• Required action:
Every line from the one holding "White foods such" through the one holding "Bu bebek taşıma" in the data below must be returned exactly, both ends included, with pictures left out and nothing else added.

• Data records:
•••••

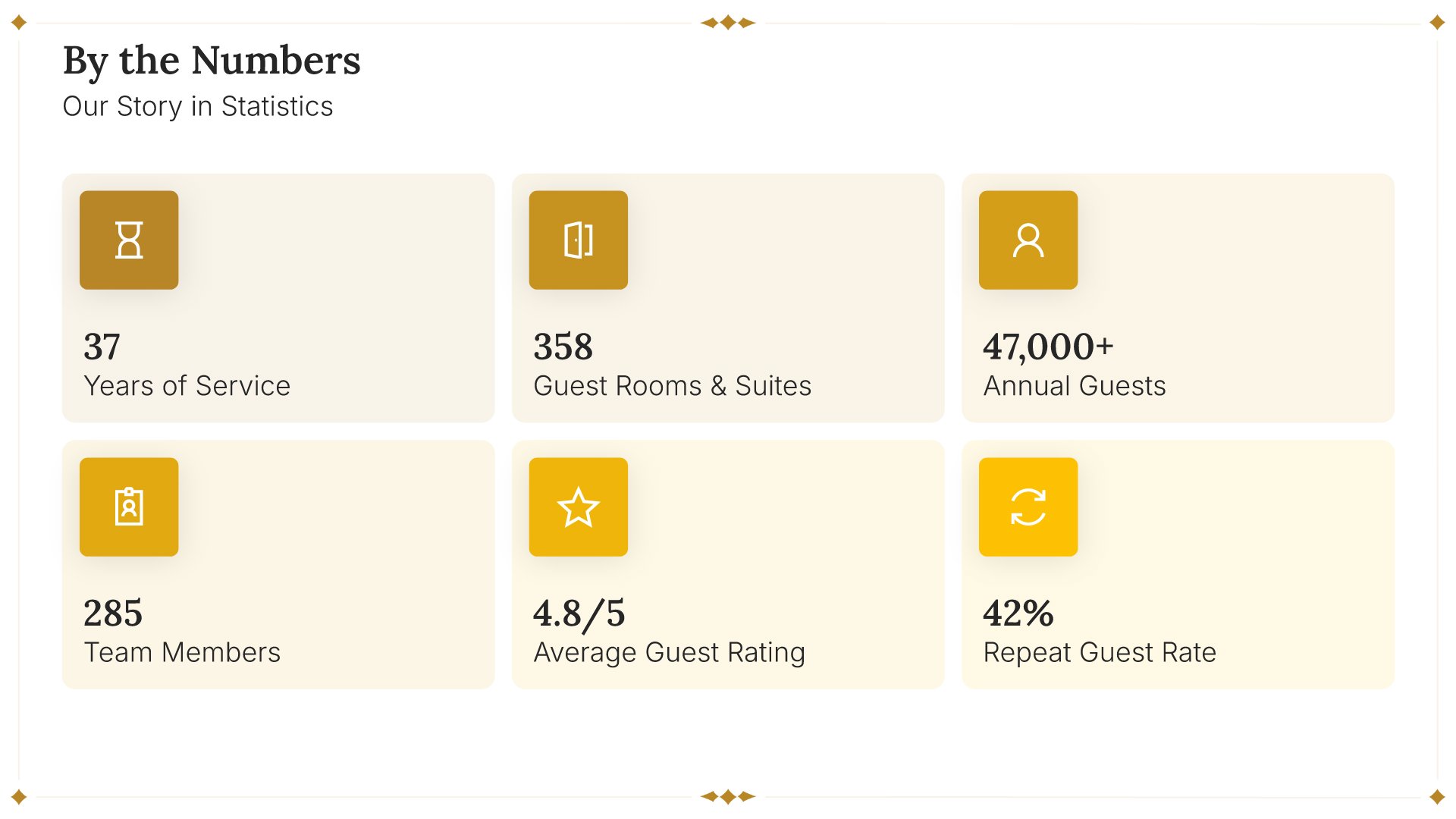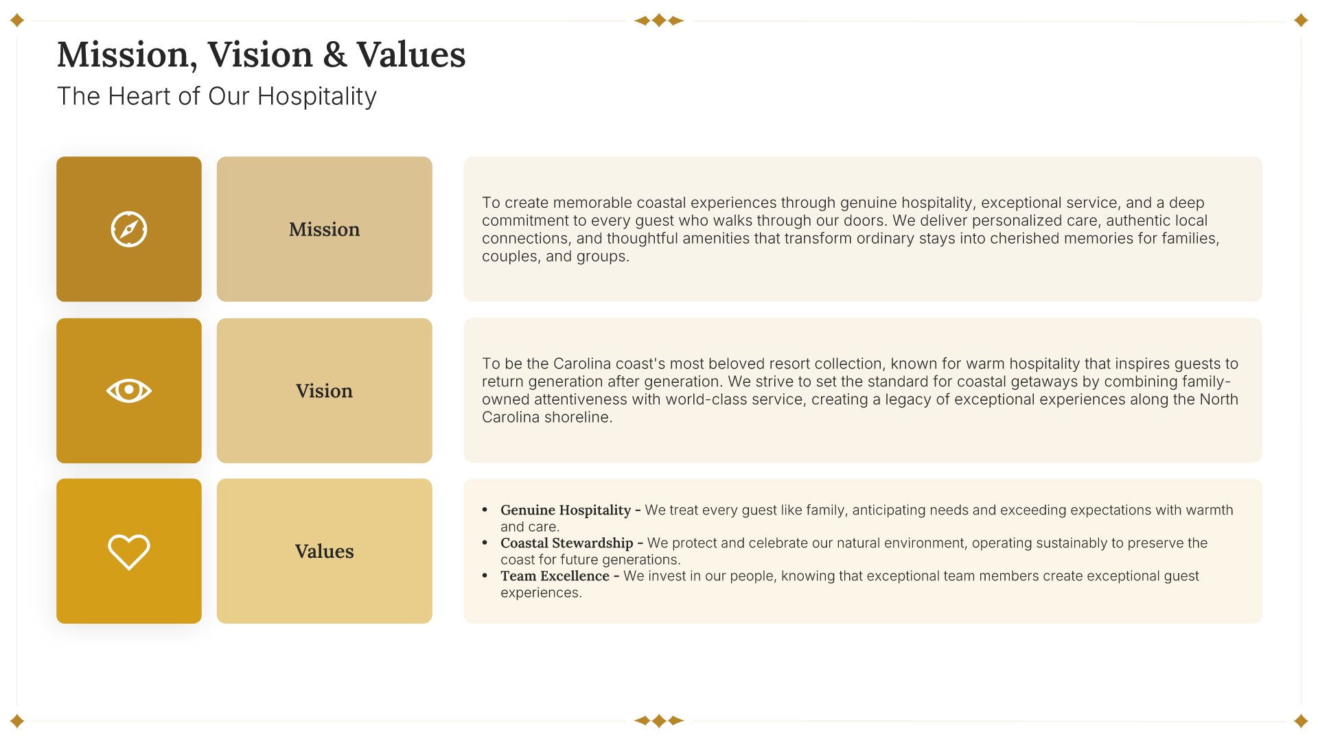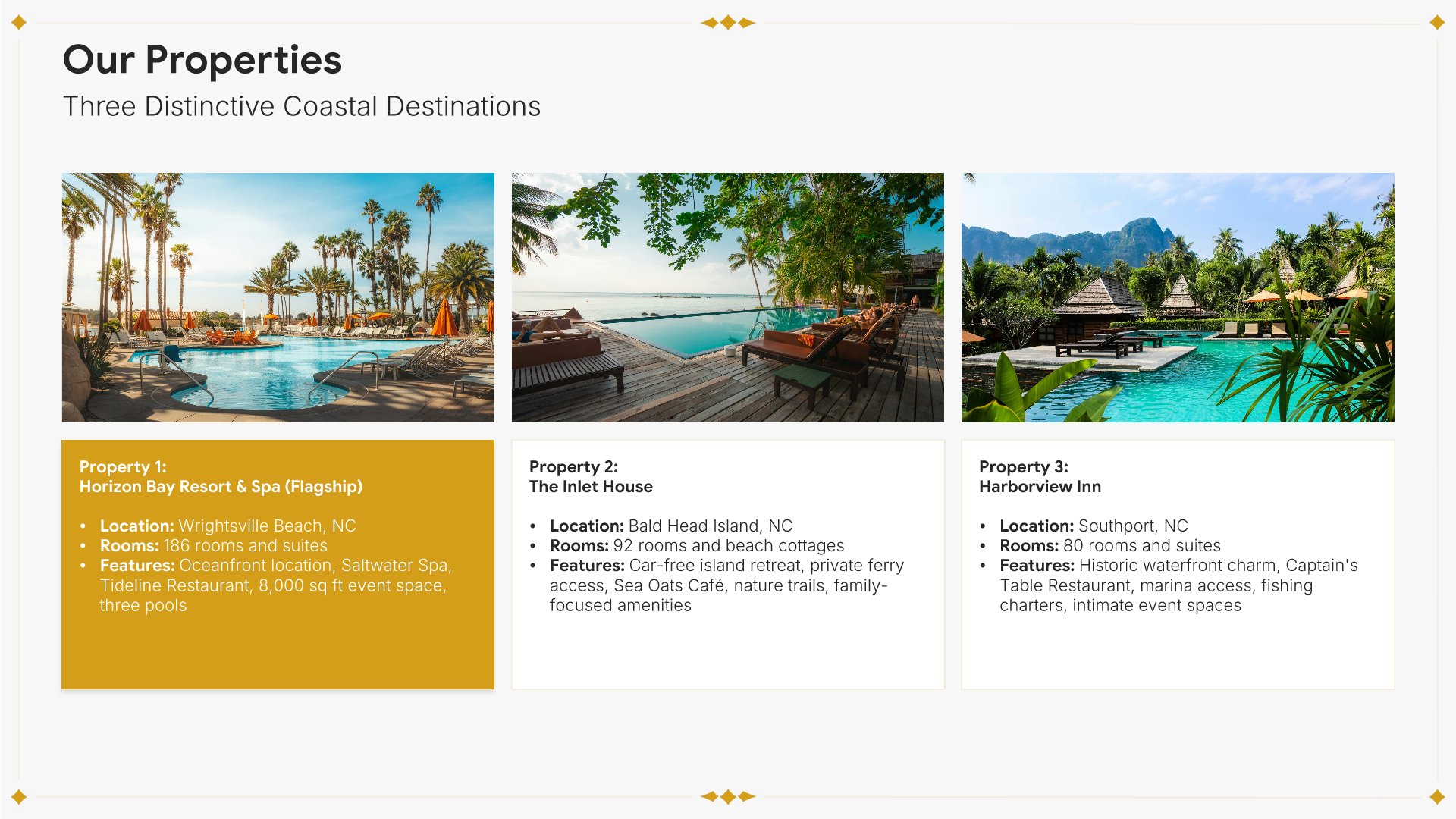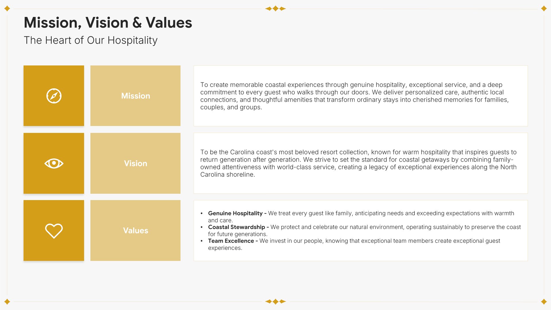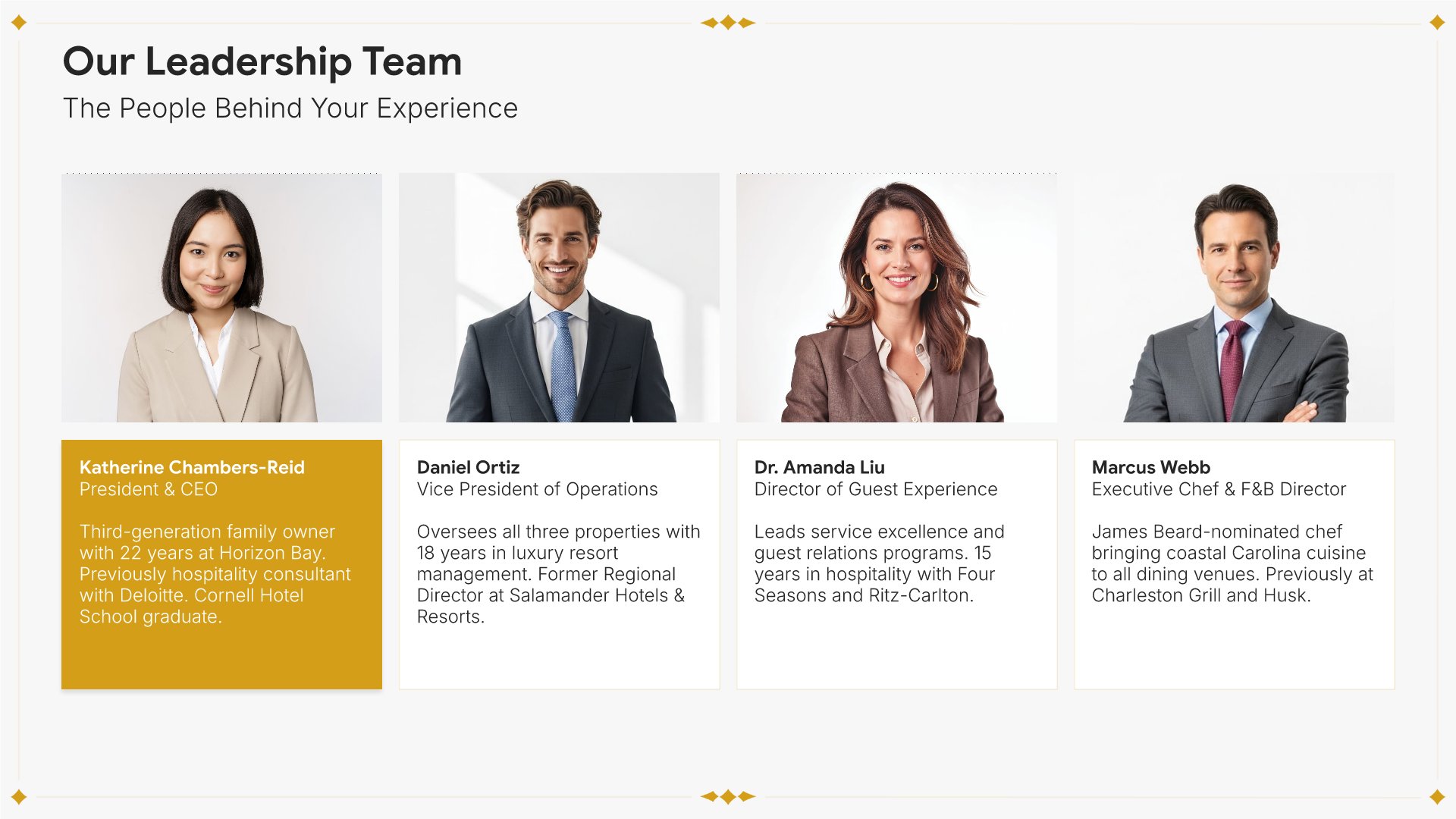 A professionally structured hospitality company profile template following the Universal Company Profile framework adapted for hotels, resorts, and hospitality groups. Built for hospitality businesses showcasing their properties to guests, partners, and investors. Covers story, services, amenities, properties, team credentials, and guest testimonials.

•••••

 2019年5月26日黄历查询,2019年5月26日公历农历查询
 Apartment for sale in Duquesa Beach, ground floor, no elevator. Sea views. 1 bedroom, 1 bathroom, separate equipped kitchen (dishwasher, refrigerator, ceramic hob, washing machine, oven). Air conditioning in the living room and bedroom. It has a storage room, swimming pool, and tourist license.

•••••

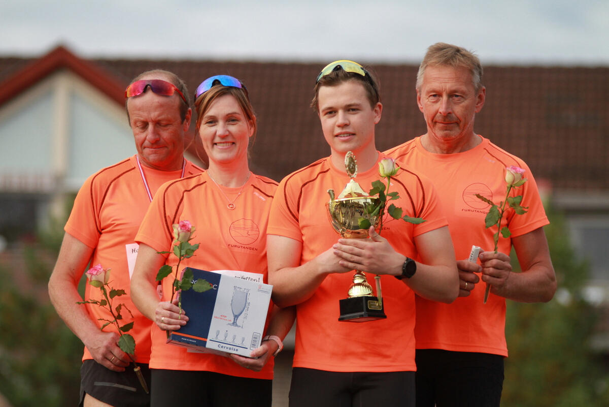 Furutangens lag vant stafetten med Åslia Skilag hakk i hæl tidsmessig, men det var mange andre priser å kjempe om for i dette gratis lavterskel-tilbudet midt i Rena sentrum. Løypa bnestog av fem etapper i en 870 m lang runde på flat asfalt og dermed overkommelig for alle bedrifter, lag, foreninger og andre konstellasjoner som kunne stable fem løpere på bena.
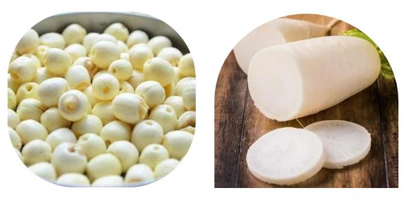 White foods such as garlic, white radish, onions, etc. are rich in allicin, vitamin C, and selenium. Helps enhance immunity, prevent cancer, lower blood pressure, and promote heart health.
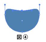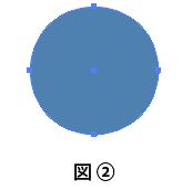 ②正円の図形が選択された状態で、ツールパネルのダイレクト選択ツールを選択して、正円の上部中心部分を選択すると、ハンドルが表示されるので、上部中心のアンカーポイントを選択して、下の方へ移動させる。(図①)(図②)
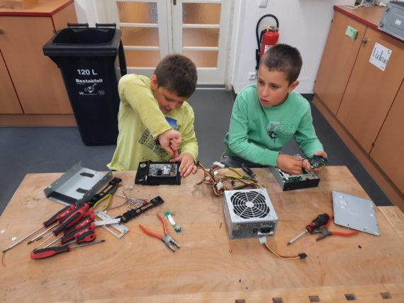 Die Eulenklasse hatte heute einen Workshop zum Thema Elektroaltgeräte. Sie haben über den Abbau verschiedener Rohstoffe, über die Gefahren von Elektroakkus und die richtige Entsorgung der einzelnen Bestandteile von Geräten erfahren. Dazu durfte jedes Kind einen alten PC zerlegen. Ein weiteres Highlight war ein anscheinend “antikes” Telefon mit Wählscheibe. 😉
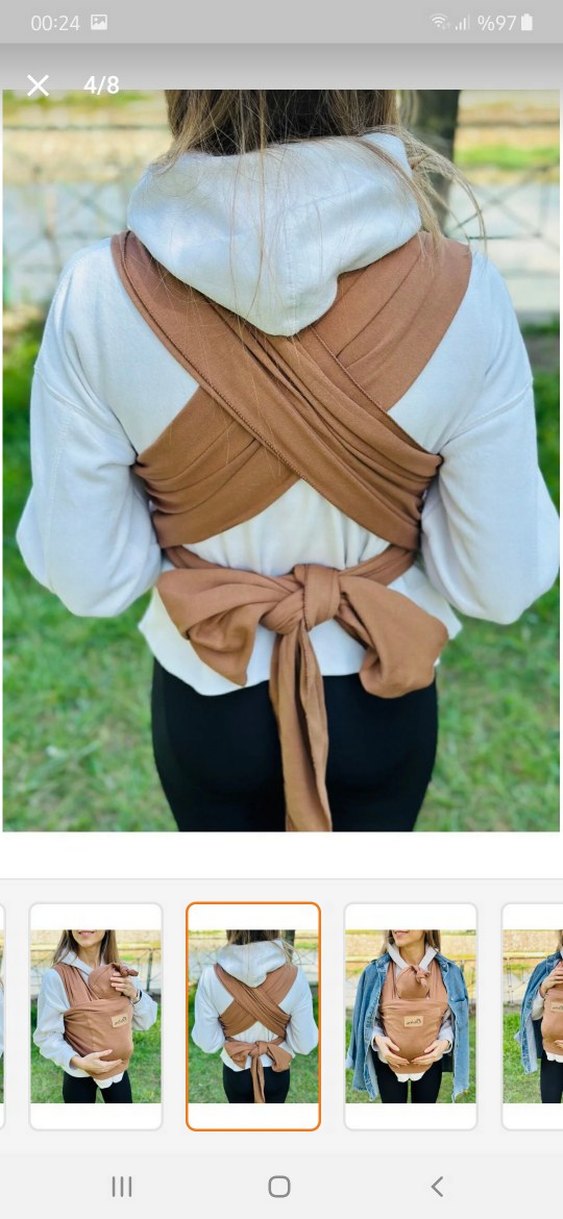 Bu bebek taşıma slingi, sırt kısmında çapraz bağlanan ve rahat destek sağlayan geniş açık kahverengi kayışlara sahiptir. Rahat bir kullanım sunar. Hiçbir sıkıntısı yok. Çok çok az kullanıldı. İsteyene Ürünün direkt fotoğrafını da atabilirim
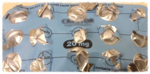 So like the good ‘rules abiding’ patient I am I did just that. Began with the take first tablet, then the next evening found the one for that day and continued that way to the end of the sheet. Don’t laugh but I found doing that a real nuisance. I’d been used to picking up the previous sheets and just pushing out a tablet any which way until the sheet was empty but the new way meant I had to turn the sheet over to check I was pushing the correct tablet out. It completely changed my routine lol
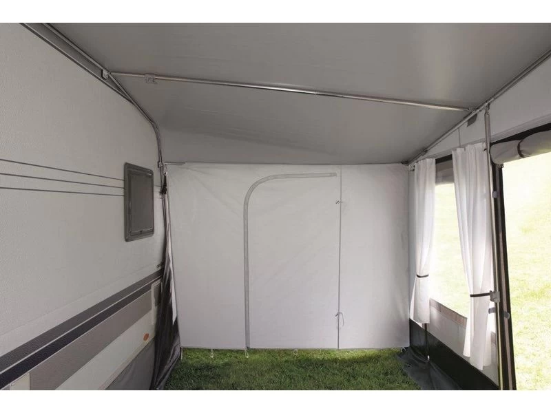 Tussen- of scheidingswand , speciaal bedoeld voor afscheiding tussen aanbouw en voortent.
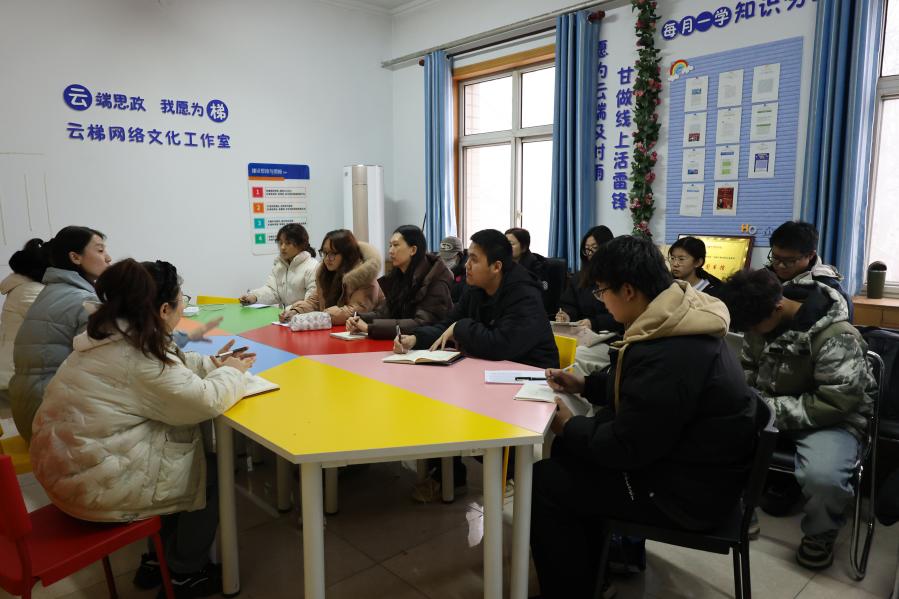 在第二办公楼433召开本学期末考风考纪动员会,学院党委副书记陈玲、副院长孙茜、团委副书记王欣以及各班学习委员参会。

•••••

• Answer to the problem:
 White foods such as garlic, white radish, onions, etc. are rich in allicin, vitamin C, and selenium. Helps enhance immunity, prevent cancer, lower blood pressure, and promote heart health.
 ②正円の図形が選択された状態で、ツールパネルのダイレクト選択ツールを選択して、正円の上部中心部分を選択すると、ハンドルが表示されるので、上部中心のアンカーポイントを選択して、下の方へ移動させる。(図①)(図②)
 Die Eulenklasse hatte heute einen Workshop zum Thema Elektroaltgeräte. Sie haben über den Abbau verschiedener Rohstoffe, über die Gefahren von Elektroakkus und die richtige Entsorgung der einzelnen Bestandteile von Geräten erfahren. Dazu durfte jedes Kind einen alten PC zerlegen. Ein weiteres Highlight war ein anscheinend “antikes” Telefon mit Wählscheibe. 😉
 Bu bebek taşıma slingi, sırt kısmında çapraz bağlanan ve rahat destek sağlayan geniş açık kahverengi kayışlara sahiptir. Rahat bir kullanım sunar. Hiçbir sıkıntısı yok. Çok çok az kullanıldı. İsteyene Ürünün direkt fotoğrafını da atabilirim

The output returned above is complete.